*How to complete this task*
Look below for the line containing "矿物加工工程专业学生宋灿飞入选应征入伍类大学生就业创业人物。", then write out that line and every line after it to the end, exactly, minus the pictures.

**** Recorded data

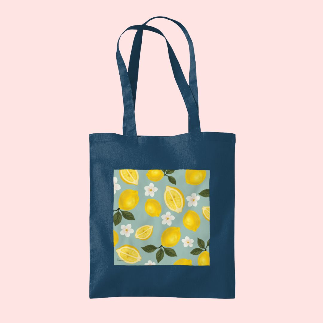 Introducing our ‘Lemons’ tote bag from the Flowers and Fruit Collection. This citrus illustrated tote pays homage to the Amalfi Aesthetic. Centering yellows, creams and greens on top of a petrol blue tote bag. Marvel at the beauty of nature through the different stages of the lemon – from flower, to full fruit and then sliced.
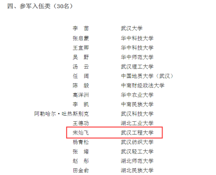 矿物加工工程专业学生宋灿飞入选应征入伍类大学生就业创业人物。
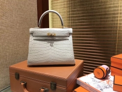 Hermès(爱马仕)Kelly 凯莉包 羊毛白 尼罗雾面 一级鳄鱼皮 顶级全手工缝制 金扣 25cm

********

*Solution below*
 矿物加工工程专业学生宋灿飞入选应征入伍类大学生就业创业人物。
 Hermès(爱马仕)Kelly 凯莉包 羊毛白 尼罗雾面 一级鳄鱼皮 顶级全手工缝制 金扣 25cm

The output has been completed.